● YOUR OBJECTIVE
Output exactly, and only, the lines below from the one with "Toto je model" down to the one with "This machine take". Include both end lines and no pictures.

● DATA SECTION
^^^^^^^^^^^^^^^^
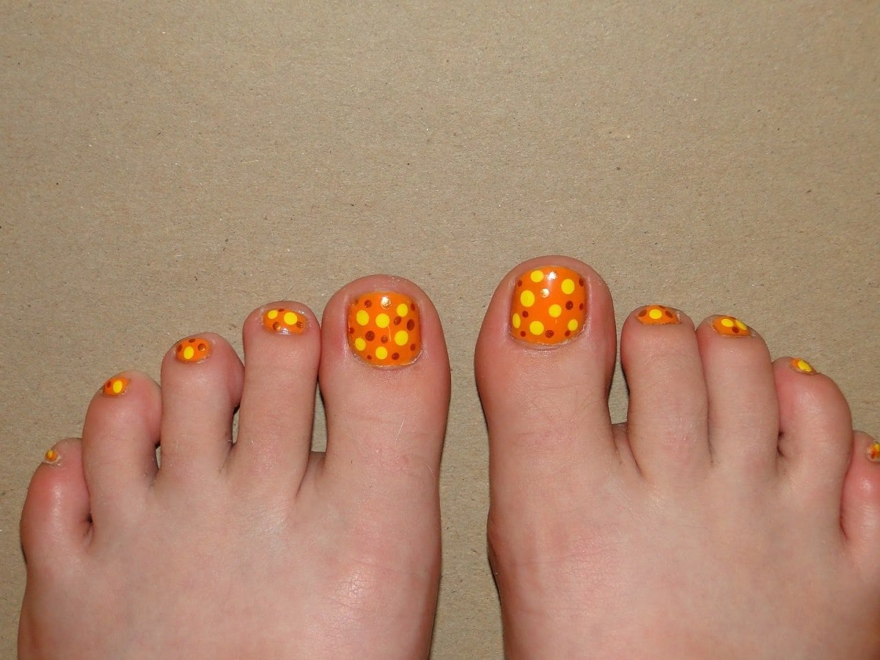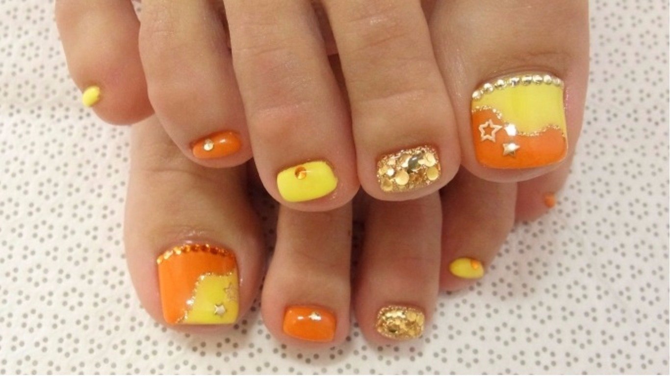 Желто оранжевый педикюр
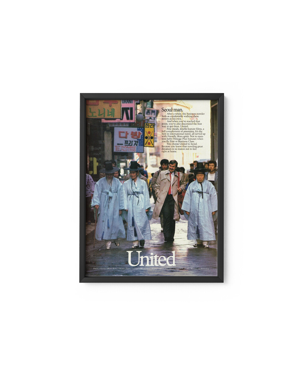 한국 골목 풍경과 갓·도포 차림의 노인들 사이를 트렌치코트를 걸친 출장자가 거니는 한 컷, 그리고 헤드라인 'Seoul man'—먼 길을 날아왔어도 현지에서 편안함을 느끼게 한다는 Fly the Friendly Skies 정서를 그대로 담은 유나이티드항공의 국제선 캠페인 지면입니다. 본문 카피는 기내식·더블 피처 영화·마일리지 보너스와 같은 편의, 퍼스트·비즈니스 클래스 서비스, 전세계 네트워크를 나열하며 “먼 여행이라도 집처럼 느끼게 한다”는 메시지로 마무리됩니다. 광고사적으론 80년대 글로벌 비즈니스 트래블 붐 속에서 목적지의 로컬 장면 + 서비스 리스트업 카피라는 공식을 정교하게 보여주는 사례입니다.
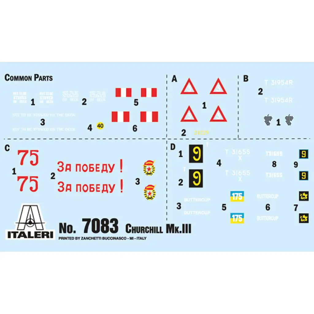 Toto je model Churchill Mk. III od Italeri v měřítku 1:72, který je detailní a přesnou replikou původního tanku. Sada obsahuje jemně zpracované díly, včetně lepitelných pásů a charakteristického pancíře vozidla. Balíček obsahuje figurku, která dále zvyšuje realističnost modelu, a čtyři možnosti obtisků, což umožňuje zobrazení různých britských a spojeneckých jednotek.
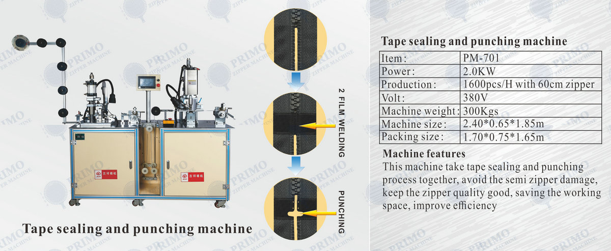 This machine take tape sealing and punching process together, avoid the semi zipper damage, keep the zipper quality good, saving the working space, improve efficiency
^^^^^^^^^^^^^^^^
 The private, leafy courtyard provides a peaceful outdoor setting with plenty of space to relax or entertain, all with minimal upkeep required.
^^^^^^^^^^^^^^^^
● SOLUTION
 Toto je model Churchill Mk. III od Italeri v měřítku 1:72, který je detailní a přesnou replikou původního tanku. Sada obsahuje jemně zpracované díly, včetně lepitelných pásů a charakteristického pancíře vozidla. Balíček obsahuje figurku, která dále zvyšuje realističnost modelu, a čtyři možnosti obtisků, což umožňuje zobrazení různých britských a spojeneckých jednotek.
 This machine take tape sealing and punching process together, avoid the semi zipper damage, keep the zipper quality good, saving the working space, improve efficiency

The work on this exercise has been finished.